Parallel text language corpus dataset for key Ugandan languages

One of the ways that artificial intelligence shapes society is through language technology. Neural networks that can process language are the basis for being able to search the web, translate between languages, provide recommendations and carry out large scale analysis of text.

Machine translation has for a long time been the de facto NLP task. Unfortunately many African languages have not benefited from the advances of NLP because of limited language resources. Uganda is home to 43 languages and dialects, with most of them more spoken than written.

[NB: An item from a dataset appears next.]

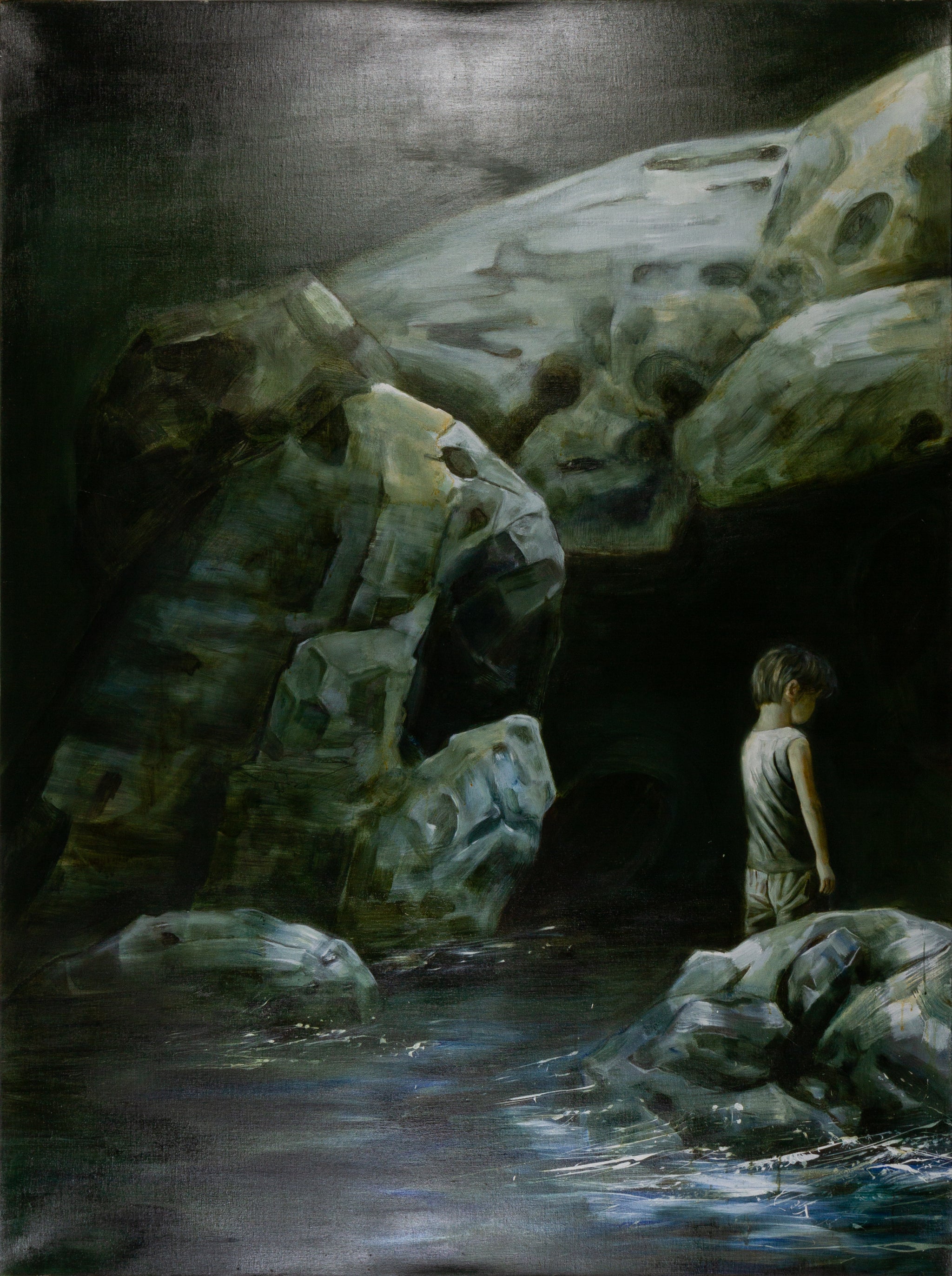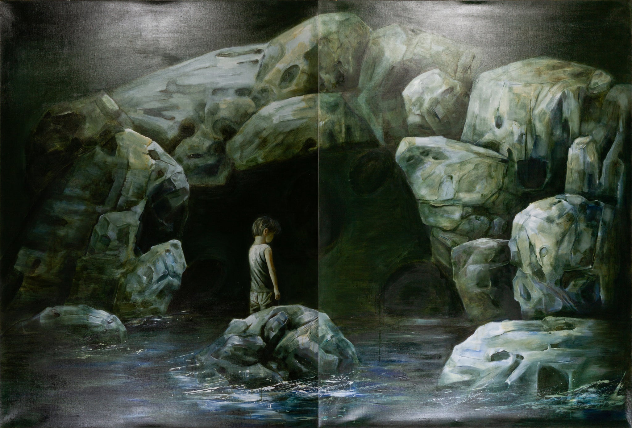 This monumental oil on canvas diptych by Peng Jianzhong, Sou-shen Ji 1 – Pan Silk Cave, presents a haunting and enigmatic composition. Dominated by cavernous rock formations and subdued tones, the central figure of a young boy stands isolated amid jagged stone and reflective waters. The work's immersive scale and cinematic framing evoke both a dreamscape and a psychological terrain, inviting viewers into a liminal space between myth and memory.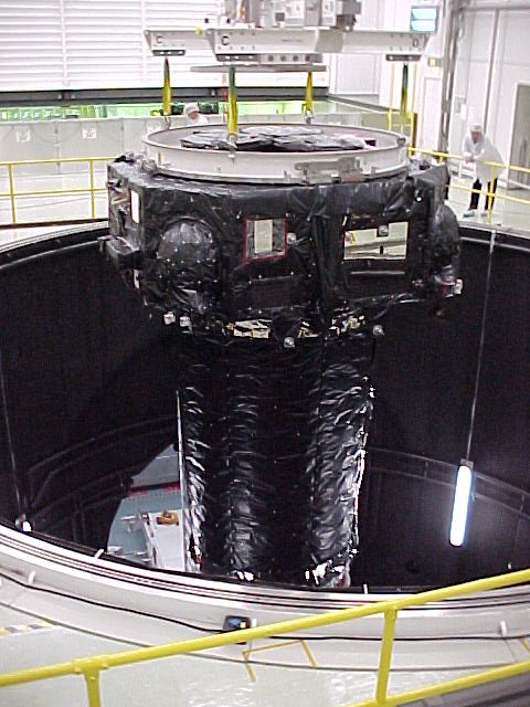 The XMM lower module emerging from the Large Space Simulator in ESTEC.

To contribute to language resources in Africa we set out to collect parallel text sentences for the 5 top languages in Uganda sufficient to enable a start on the machine translation task for Ugandan languages. Our approach was to build on existing efforts in this regard and make this the principal dataset for Ugandan language resources.

Uganda has 43 local/native languages used by large sections of the population. The map shows the spatial distribution of the languages and dialects spoken in Uganda. Within regions there are relatively similar languages/dialects with people able to understand and speak across these dialects, but these differences become more pronounced between different regions.

African language technology

Africa is a very linguistically diverse continent, with at least 1500 languages (compared to around 200 in Europe), for most of which no AI language technology has ever been developed. Almost all current effort on AI language technology is focused on English and a handful of other languages.

Another issue with the way this technology has evolved is that existing large models are generally trained with text trawled from the Internet, and have shown a tendency to reflect the harmful biases and divisiveness common in online speech.

Starting with our work in 2020 on social media monitoring, we’re interested in showing what’s possible with language AI technology in African languages, and how it can be done responsibly and inclusively.

Project implementation

This project started in October 2020 and was completed in Jan 2021. It was structured as a collaboration between Sunbird AI and the Makerere AI lab. Makerere AI lab has as its strengths, a solid track record of doing applied AI research and interfacing with the eventual clients of the research particularly government agencies in Uganda and direct beneficiaries like small holder farmers. Makerere AI lab is also located in Makerere University the leading university in Uganda and has access to a pool of good graduate and undergraduate research students.

The dataset

We collected a multilingual parallel text language corpus of 60,000 language phrases/sentences comprising of 10,000 English sentences/phrases and their corresponding translations in five under-resourced languages in Uganda: Luganda, Lugbara, Runyakitara, Acholi and Ateso.

The English sentences were obtained from the following data sources to capture the variety and context of use of language. The most likely use of this corpus will be for applications in these same source domains or similar. 
 
  • Social media (Facebook and Twitter)
  • English Transcripts from radio data
  • Online newspapers, articles, blogs and websites, e.g., Uganda Legal Information Institute (ULII).
  • Text contributions from the Makerere University NLP community.
  • Farmer responses from surveys.
To mitigate privacy and copyright concerns, we only used some of the sources as motivation for creation of similar but different phrases taking account of any privacy and bias concerns e.g. for social media, removing identifying tags and removing explicit references to sensitive attributes like religion and politics. The dataset can be downloaded here.